Bankruptcy is a court process wherein the court steps in to help individuals, married couples, and companies in settling the debts of the person applying for bankruptcy. The judge and a trustee assigned by the court will decide whether the person filing for bankruptcy has fulfilled the requirements and approve the petition. People and business entities usually file for bankruptcy because their income is not enough to pay for their debt. Filing for bankruptcy allows them to get a fresh start in their life and/or reorganize their assets and debts to be on a better financial situation.

However, it is worth remembering that you should consult with a lawyer on which chapter of bankruptcy is more suited for your needs and wants. Since you probably do not have the financial capacity to pay for a lawyer, you can get a free consultation from the American Bar Association, just check with their website. The cost of a bankruptcy can quickly become unmanageable if you aren’t careful. If you are interested in filing for a bankruptcy, here are the basics of what you need to know on the different chapters of the US bankruptcy code.

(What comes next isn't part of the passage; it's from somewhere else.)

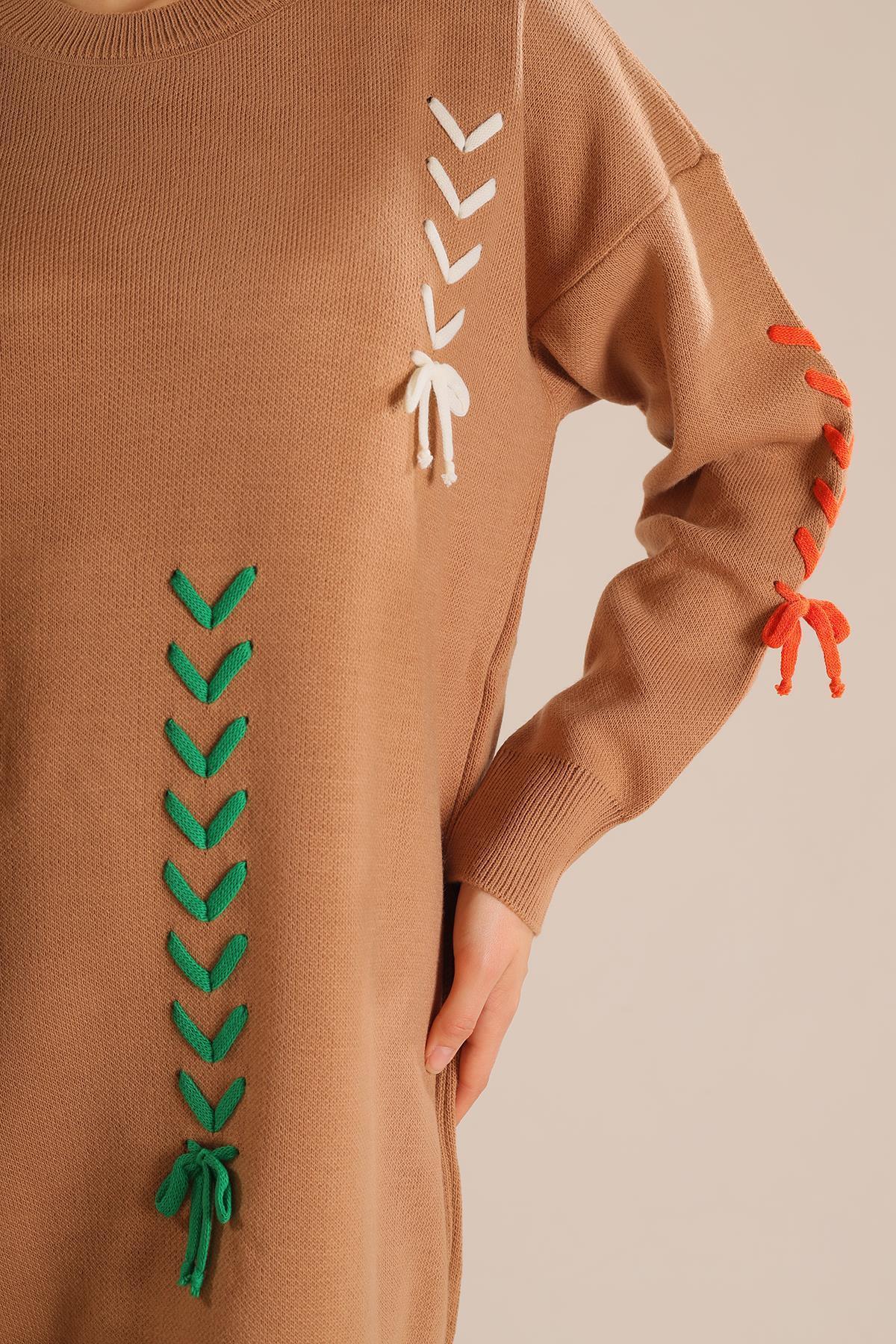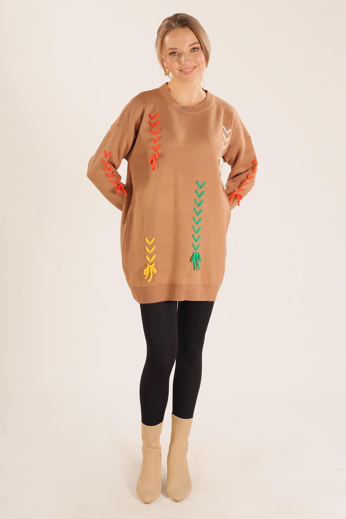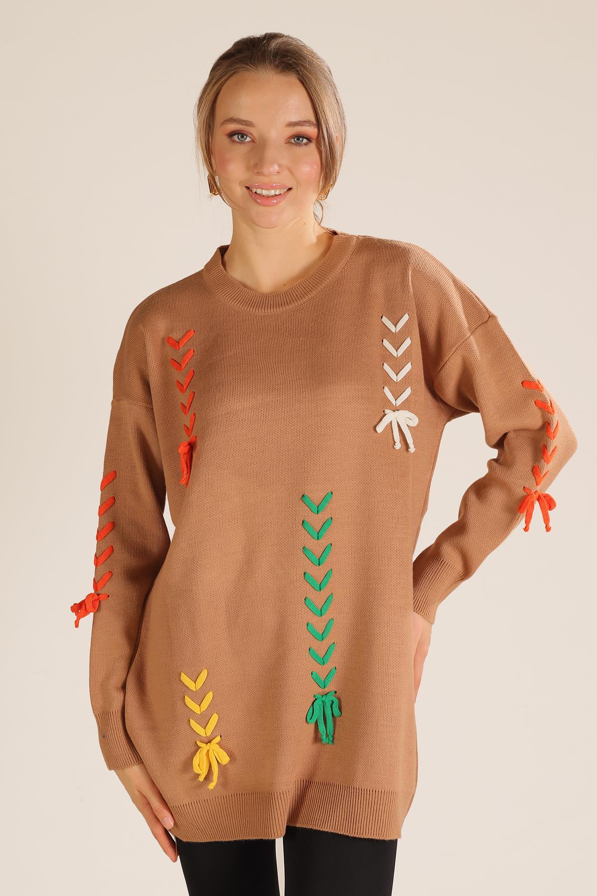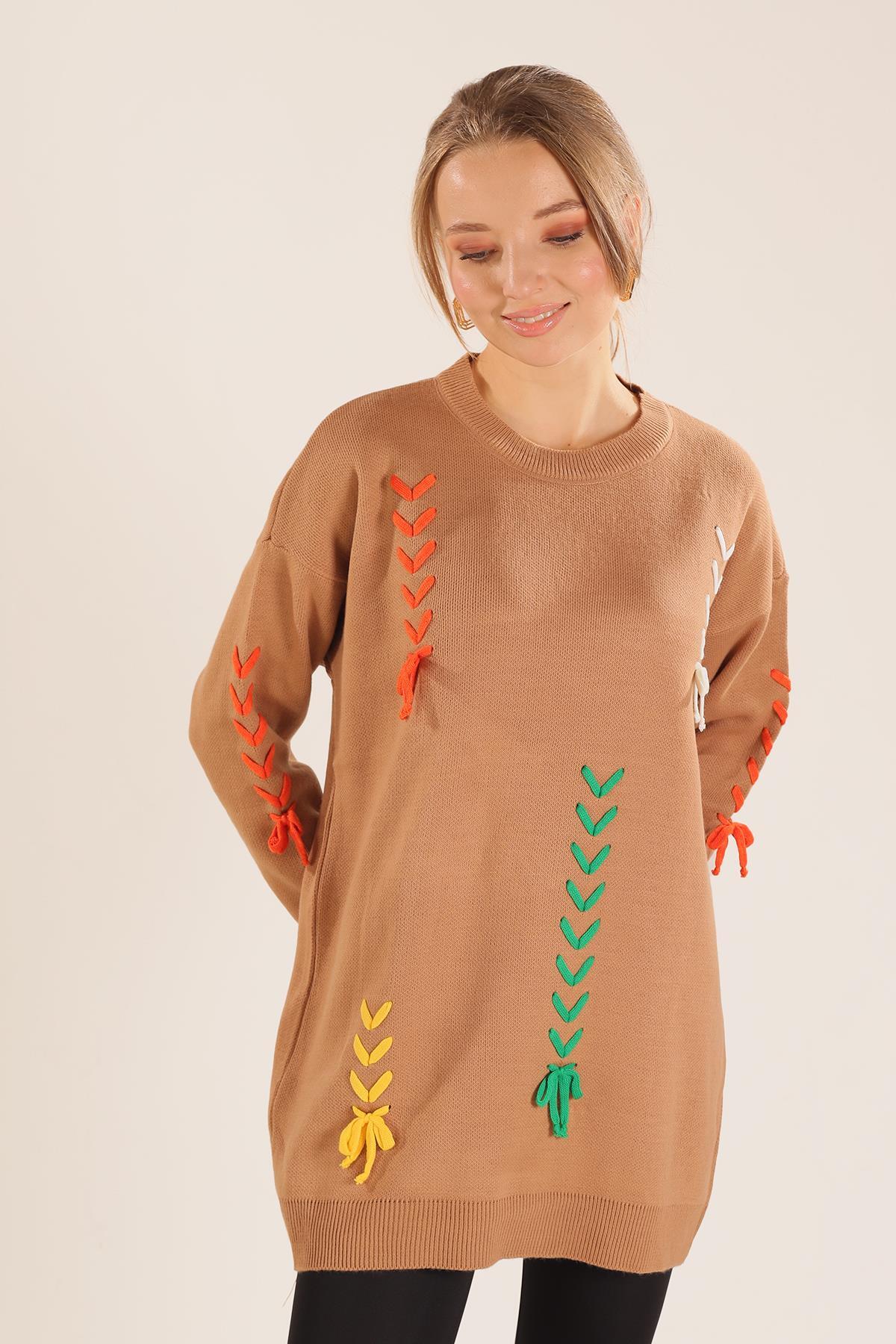 Kahve Kalp Nakışlı Kısa Kazak 2337 - RAYS Kahve Kalp Nakışlı Kısa Kazak 2337 - RAYS (1)

  1. Chapter 7 – When someone files for bankruptcy, the first thing that goes through a person’s mind is that the debtor will have all his things sold to pay the creditors. This is technically what happens in a chapter 7 bankruptcies. There is no need to make any payment plans. The court trustee will evaluate your assets and sold off everything that is considered “nonexempt” to pay off your debts. If you don’t have any valuable properties, then your debts will be settled by the court. No more debts.
  2. Chapter 9 – This type of bankruptcy is rare and often complicated as it involves cities, townships, counties and even school districts to file for bankruptcy.
  3. Chapter 11 – This bankruptcy chapter is often what companies which has accumulated a lot of debt but doesn’t want to lose the company file for. The aim of this process is to reorganize the company and slowly repay the debts accumulated. Individuals can also file for this type of bankruptcy if you cannot qualify for the chapter 13 bankruptcies. However, this type of bankruptcy lasts long, it is very expensive and must need a lawyer.
  4. Chapter 12 – Chapter 12 bankruptcy process is similar to chapter 13 bankruptcies. However, it is mostly used by farm and/or fisheries operators since part of the requirement to qualify is that the at least 80% of the debt must be accumulated from running a farm or a fisheries.
  5. Chapter 13 – In chapter 13 bankruptcies, also known as a wage earner’s bankruptcy, the debtor settles his debts by proposing a repayment plan to the court. However, chapter 13 bankruptcy is not for everyone. It only accommodates people with a stable earning and the debts you have accumulated must also be within the limits set by the court.

Going through the process of filing for bankruptcy is not something that you just decide on one day when you wake up in the morning. It takes careful planning and getting the requirements and documents necessary when filing for bankruptcy.